▸ **ACTIVITY**: In the records below, find the line with "Trail Treker will" and repeat exactly every line from it through the line with "Ausführung: Kunststoffgriffstück schwarz, Schlitten". Pictures stay out.

▸ **DATA SHOWN**:
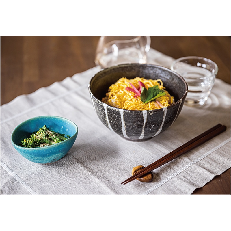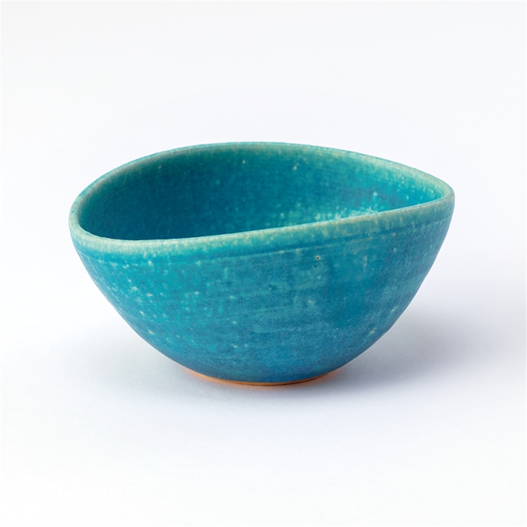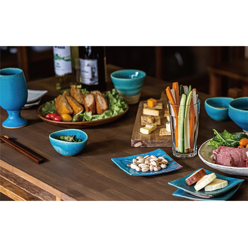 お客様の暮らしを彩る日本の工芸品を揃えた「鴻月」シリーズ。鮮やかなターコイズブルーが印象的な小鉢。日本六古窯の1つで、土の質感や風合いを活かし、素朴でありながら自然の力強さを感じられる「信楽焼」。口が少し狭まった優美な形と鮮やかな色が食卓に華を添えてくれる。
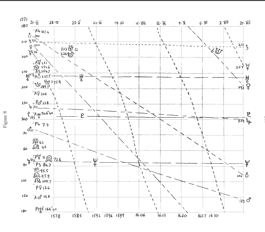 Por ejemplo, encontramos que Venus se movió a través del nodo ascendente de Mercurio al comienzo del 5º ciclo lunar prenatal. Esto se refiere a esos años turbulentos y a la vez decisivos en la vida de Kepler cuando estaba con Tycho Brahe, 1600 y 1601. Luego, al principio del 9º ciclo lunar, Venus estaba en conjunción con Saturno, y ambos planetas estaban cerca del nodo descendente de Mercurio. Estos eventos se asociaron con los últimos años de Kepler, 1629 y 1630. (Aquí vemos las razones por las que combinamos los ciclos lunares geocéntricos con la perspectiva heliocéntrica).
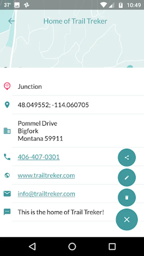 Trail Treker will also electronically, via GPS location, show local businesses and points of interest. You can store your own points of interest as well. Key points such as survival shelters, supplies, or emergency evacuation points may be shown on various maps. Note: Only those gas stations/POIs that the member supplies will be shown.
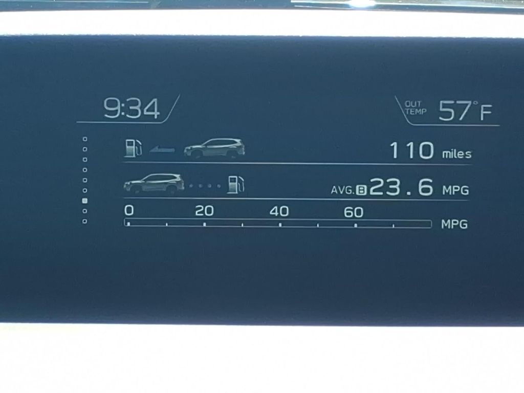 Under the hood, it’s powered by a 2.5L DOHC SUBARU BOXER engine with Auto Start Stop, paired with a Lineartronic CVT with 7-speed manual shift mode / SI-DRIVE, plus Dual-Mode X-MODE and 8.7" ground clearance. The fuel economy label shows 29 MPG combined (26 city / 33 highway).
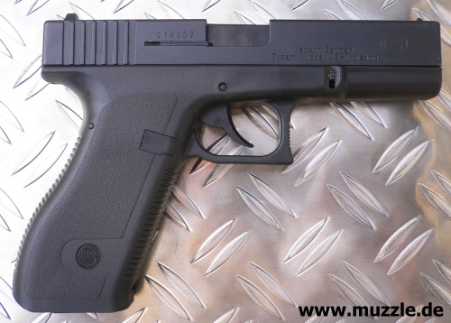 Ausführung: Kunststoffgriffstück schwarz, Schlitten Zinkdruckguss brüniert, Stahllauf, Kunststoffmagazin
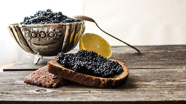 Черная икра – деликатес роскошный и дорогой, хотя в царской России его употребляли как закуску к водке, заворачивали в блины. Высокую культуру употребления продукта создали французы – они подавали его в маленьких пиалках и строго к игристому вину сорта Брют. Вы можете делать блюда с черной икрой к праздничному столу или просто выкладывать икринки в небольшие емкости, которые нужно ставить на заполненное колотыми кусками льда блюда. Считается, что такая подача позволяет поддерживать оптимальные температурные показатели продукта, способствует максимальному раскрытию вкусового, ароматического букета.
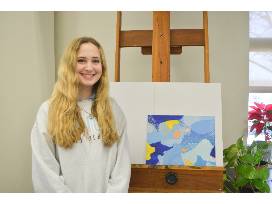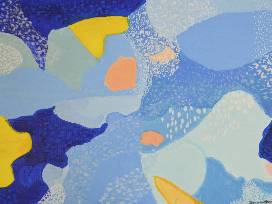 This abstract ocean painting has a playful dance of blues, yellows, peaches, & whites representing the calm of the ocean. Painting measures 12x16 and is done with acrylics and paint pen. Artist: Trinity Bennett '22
==
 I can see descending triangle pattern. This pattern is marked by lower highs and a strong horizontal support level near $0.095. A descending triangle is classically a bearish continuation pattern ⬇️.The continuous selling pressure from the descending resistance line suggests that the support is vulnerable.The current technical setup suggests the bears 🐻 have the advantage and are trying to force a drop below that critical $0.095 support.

▸ **RESPONSE BELOW**:
 Trail Treker will also electronically, via GPS location, show local businesses and points of interest. You can store your own points of interest as well. Key points such as survival shelters, supplies, or emergency evacuation points may be shown on various maps. Note: Only those gas stations/POIs that the member supplies will be shown.
 Under the hood, it’s powered by a 2.5L DOHC SUBARU BOXER engine with Auto Start Stop, paired with a Lineartronic CVT with 7-speed manual shift mode / SI-DRIVE, plus Dual-Mode X-MODE and 8.7" ground clearance. The fuel economy label shows 29 MPG combined (26 city / 33 highway).
 Ausführung: Kunststoffgriffstück schwarz, Schlitten Zinkdruckguss brüniert, Stahllauf, Kunststoffmagazin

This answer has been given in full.